◆ ASSIGNMENT ◆
Please retype the listing below without a single change.

--- DATA FOR THE TASK ---

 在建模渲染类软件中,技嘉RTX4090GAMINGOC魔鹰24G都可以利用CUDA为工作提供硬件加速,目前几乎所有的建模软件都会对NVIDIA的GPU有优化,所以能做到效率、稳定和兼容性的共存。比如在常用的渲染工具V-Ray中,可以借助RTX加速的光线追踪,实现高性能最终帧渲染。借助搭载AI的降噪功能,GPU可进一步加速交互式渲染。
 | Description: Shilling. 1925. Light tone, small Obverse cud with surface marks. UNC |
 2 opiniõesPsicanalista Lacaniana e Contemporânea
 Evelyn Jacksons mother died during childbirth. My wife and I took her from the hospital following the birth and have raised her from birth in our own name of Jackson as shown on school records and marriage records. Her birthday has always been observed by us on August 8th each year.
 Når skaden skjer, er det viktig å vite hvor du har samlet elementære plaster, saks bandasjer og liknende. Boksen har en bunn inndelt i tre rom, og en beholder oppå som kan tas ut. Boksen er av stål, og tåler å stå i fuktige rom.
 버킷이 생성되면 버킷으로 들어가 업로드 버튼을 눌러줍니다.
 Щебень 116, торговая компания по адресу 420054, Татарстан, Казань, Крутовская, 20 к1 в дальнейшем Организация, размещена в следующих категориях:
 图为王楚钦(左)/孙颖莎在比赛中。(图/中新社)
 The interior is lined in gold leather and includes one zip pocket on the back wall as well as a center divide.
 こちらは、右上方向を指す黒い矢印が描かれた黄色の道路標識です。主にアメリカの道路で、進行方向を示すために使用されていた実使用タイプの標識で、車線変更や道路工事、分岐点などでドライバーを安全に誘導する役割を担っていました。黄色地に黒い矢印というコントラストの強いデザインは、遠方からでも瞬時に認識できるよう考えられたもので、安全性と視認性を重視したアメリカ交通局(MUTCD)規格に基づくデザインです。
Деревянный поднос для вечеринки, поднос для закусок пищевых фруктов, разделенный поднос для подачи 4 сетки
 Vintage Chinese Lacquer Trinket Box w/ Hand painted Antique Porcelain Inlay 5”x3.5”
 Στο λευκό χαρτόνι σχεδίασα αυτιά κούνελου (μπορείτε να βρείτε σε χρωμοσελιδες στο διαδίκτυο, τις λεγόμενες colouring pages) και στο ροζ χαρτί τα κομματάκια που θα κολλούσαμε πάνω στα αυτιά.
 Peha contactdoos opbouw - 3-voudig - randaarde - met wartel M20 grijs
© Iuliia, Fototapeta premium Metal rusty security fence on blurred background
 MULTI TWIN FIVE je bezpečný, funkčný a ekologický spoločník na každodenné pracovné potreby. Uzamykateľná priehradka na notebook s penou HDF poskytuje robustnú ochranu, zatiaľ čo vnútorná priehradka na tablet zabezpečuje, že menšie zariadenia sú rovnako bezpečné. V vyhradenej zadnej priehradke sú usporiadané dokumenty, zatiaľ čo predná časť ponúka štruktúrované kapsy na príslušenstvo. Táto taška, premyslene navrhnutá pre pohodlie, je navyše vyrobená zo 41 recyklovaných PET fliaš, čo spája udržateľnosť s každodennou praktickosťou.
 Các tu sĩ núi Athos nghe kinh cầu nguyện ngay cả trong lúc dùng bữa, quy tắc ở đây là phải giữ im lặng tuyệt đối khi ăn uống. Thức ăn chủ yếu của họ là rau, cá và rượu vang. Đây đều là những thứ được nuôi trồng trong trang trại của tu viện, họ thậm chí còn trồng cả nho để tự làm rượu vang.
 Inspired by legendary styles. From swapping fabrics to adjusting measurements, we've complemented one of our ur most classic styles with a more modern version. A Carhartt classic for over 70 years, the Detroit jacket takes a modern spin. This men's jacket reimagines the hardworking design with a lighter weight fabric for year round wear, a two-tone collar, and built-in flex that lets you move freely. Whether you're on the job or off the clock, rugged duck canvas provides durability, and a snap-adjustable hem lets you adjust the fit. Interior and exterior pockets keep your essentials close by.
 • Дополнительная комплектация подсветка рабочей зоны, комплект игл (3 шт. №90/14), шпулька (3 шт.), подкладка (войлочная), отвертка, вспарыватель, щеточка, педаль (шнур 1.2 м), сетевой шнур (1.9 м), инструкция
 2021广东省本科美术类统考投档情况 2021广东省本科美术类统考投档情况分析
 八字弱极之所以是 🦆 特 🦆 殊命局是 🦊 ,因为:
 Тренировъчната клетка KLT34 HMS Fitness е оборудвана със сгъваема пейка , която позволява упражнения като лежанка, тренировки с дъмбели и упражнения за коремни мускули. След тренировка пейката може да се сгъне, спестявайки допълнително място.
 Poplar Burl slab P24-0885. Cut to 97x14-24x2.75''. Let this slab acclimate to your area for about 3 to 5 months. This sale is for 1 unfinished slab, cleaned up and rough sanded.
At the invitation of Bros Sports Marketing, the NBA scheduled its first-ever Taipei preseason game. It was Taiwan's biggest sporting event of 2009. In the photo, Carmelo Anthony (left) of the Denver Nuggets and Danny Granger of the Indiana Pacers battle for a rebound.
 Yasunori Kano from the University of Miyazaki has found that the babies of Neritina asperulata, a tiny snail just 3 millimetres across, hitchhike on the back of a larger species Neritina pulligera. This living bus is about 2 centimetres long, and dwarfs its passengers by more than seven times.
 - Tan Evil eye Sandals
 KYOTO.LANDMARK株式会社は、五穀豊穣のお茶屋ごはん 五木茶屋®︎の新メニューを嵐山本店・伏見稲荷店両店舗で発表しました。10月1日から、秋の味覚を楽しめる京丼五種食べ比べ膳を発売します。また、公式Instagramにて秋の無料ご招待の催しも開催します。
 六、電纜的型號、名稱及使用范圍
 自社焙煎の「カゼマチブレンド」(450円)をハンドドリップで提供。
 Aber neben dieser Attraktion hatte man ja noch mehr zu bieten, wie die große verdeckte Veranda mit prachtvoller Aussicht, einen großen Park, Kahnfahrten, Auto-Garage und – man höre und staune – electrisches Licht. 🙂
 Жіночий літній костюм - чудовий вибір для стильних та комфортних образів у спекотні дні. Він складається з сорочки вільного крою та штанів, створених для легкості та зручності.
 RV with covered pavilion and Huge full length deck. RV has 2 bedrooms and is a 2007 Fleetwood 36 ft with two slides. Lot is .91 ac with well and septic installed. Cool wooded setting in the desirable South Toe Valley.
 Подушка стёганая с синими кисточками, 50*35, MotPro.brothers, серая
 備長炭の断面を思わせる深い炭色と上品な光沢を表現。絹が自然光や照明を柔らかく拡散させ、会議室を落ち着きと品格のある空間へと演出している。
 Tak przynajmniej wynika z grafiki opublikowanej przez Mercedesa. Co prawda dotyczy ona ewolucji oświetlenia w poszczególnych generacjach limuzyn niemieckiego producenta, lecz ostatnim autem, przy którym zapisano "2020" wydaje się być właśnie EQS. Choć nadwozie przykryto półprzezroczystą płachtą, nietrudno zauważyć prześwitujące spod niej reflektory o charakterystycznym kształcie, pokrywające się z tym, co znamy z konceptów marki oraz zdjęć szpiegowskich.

---

◆ PROBLEM SOLUTION ◆
 在建模渲染类软件中,技嘉RTX4090GAMINGOC魔鹰24G都可以利用CUDA为工作提供硬件加速,目前几乎所有的建模软件都会对NVIDIA的GPU有优化,所以能做到效率、稳定和兼容性的共存。比如在常用的渲染工具V-Ray中,可以借助RTX加速的光线追踪,实现高性能最终帧渲染。借助搭载AI的降噪功能,GPU可进一步加速交互式渲染。
 | Description: Shilling. 1925. Light tone, small Obverse cud with surface marks. UNC |
 2 opiniõesPsicanalista Lacaniana e Contemporânea
 Evelyn Jacksons mother died during childbirth. My wife and I took her from the hospital following the birth and have raised her from birth in our own name of Jackson as shown on school records and marriage records. Her birthday has always been observed by us on August 8th each year.
 Når skaden skjer, er det viktig å vite hvor du har samlet elementære plaster, saks bandasjer og liknende. Boksen har en bunn inndelt i tre rom, og en beholder oppå som kan tas ut. Boksen er av stål, og tåler å stå i fuktige rom.
 버킷이 생성되면 버킷으로 들어가 업로드 버튼을 눌러줍니다.
 Щебень 116, торговая компания по адресу 420054, Татарстан, Казань, Крутовская, 20 к1 в дальнейшем Организация, размещена в следующих категориях:
 图为王楚钦(左)/孙颖莎在比赛中。(图/中新社)
 The interior is lined in gold leather and includes one zip pocket on the back wall as well as a center divide.
 こちらは、右上方向を指す黒い矢印が描かれた黄色の道路標識です。主にアメリカの道路で、進行方向を示すために使用されていた実使用タイプの標識で、車線変更や道路工事、分岐点などでドライバーを安全に誘導する役割を担っていました。黄色地に黒い矢印というコントラストの強いデザインは、遠方からでも瞬時に認識できるよう考えられたもので、安全性と視認性を重視したアメリカ交通局(MUTCD)規格に基づくデザインです。
Деревянный поднос для вечеринки, поднос для закусок пищевых фруктов, разделенный поднос для подачи 4 сетки
 Vintage Chinese Lacquer Trinket Box w/ Hand painted Antique Porcelain Inlay 5”x3.5”
 Στο λευκό χαρτόνι σχεδίασα αυτιά κούνελου (μπορείτε να βρείτε σε χρωμοσελιδες στο διαδίκτυο, τις λεγόμενες colouring pages) και στο ροζ χαρτί τα κομματάκια που θα κολλούσαμε πάνω στα αυτιά.
 Peha contactdoos opbouw - 3-voudig - randaarde - met wartel M20 grijs
© Iuliia, Fototapeta premium Metal rusty security fence on blurred background
 MULTI TWIN FIVE je bezpečný, funkčný a ekologický spoločník na každodenné pracovné potreby. Uzamykateľná priehradka na notebook s penou HDF poskytuje robustnú ochranu, zatiaľ čo vnútorná priehradka na tablet zabezpečuje, že menšie zariadenia sú rovnako bezpečné. V vyhradenej zadnej priehradke sú usporiadané dokumenty, zatiaľ čo predná časť ponúka štruktúrované kapsy na príslušenstvo. Táto taška, premyslene navrhnutá pre pohodlie, je navyše vyrobená zo 41 recyklovaných PET fliaš, čo spája udržateľnosť s každodennou praktickosťou.
 Các tu sĩ núi Athos nghe kinh cầu nguyện ngay cả trong lúc dùng bữa, quy tắc ở đây là phải giữ im lặng tuyệt đối khi ăn uống. Thức ăn chủ yếu của họ là rau, cá và rượu vang. Đây đều là những thứ được nuôi trồng trong trang trại của tu viện, họ thậm chí còn trồng cả nho để tự làm rượu vang.
 Inspired by legendary styles. From swapping fabrics to adjusting measurements, we've complemented one of our ur most classic styles with a more modern version. A Carhartt classic for over 70 years, the Detroit jacket takes a modern spin. This men's jacket reimagines the hardworking design with a lighter weight fabric for year round wear, a two-tone collar, and built-in flex that lets you move freely. Whether you're on the job or off the clock, rugged duck canvas provides durability, and a snap-adjustable hem lets you adjust the fit. Interior and exterior pockets keep your essentials close by.
 • Дополнительная комплектация подсветка рабочей зоны, комплект игл (3 шт. №90/14), шпулька (3 шт.), подкладка (войлочная), отвертка, вспарыватель, щеточка, педаль (шнур 1.2 м), сетевой шнур (1.9 м), инструкция
 2021广东省本科美术类统考投档情况 2021广东省本科美术类统考投档情况分析
 八字弱极之所以是 🦆 特 🦆 殊命局是 🦊 ,因为:
 Тренировъчната клетка KLT34 HMS Fitness е оборудвана със сгъваема пейка , която позволява упражнения като лежанка, тренировки с дъмбели и упражнения за коремни мускули. След тренировка пейката може да се сгъне, спестявайки допълнително място.
 Poplar Burl slab P24-0885. Cut to 97x14-24x2.75''. Let this slab acclimate to your area for about 3 to 5 months. This sale is for 1 unfinished slab, cleaned up and rough sanded.
At the invitation of Bros Sports Marketing, the NBA scheduled its first-ever Taipei preseason game. It was Taiwan's biggest sporting event of 2009. In the photo, Carmelo Anthony (left) of the Denver Nuggets and Danny Granger of the Indiana Pacers battle for a rebound.
 Yasunori Kano from the University of Miyazaki has found that the babies of Neritina asperulata, a tiny snail just 3 millimetres across, hitchhike on the back of a larger species Neritina pulligera. This living bus is about 2 centimetres long, and dwarfs its passengers by more than seven times.
 - Tan Evil eye Sandals
 KYOTO.LANDMARK株式会社は、五穀豊穣のお茶屋ごはん 五木茶屋®︎の新メニューを嵐山本店・伏見稲荷店両店舗で発表しました。10月1日から、秋の味覚を楽しめる京丼五種食べ比べ膳を発売します。また、公式Instagramにて秋の無料ご招待の催しも開催します。
 六、電纜的型號、名稱及使用范圍
 自社焙煎の「カゼマチブレンド」(450円)をハンドドリップで提供。
 Aber neben dieser Attraktion hatte man ja noch mehr zu bieten, wie die große verdeckte Veranda mit prachtvoller Aussicht, einen großen Park, Kahnfahrten, Auto-Garage und – man höre und staune – electrisches Licht. 🙂
 Жіночий літній костюм - чудовий вибір для стильних та комфортних образів у спекотні дні. Він складається з сорочки вільного крою та штанів, створених для легкості та зручності.
 RV with covered pavilion and Huge full length deck. RV has 2 bedrooms and is a 2007 Fleetwood 36 ft with two slides. Lot is .91 ac with well and septic installed. Cool wooded setting in the desirable South Toe Valley.
 Подушка стёганая с синими кисточками, 50*35, MotPro.brothers, серая
 備長炭の断面を思わせる深い炭色と上品な光沢を表現。絹が自然光や照明を柔らかく拡散させ、会議室を落ち着きと品格のある空間へと演出している。
 Tak przynajmniej wynika z grafiki opublikowanej przez Mercedesa. Co prawda dotyczy ona ewolucji oświetlenia w poszczególnych generacjach limuzyn niemieckiego producenta, lecz ostatnim autem, przy którym zapisano "2020" wydaje się być właśnie EQS. Choć nadwozie przykryto półprzezroczystą płachtą, nietrudno zauważyć prześwitujące spod niej reflektory o charakterystycznym kształcie, pokrywające się z tym, co znamy z konceptów marki oraz zdjęć szpiegowskich.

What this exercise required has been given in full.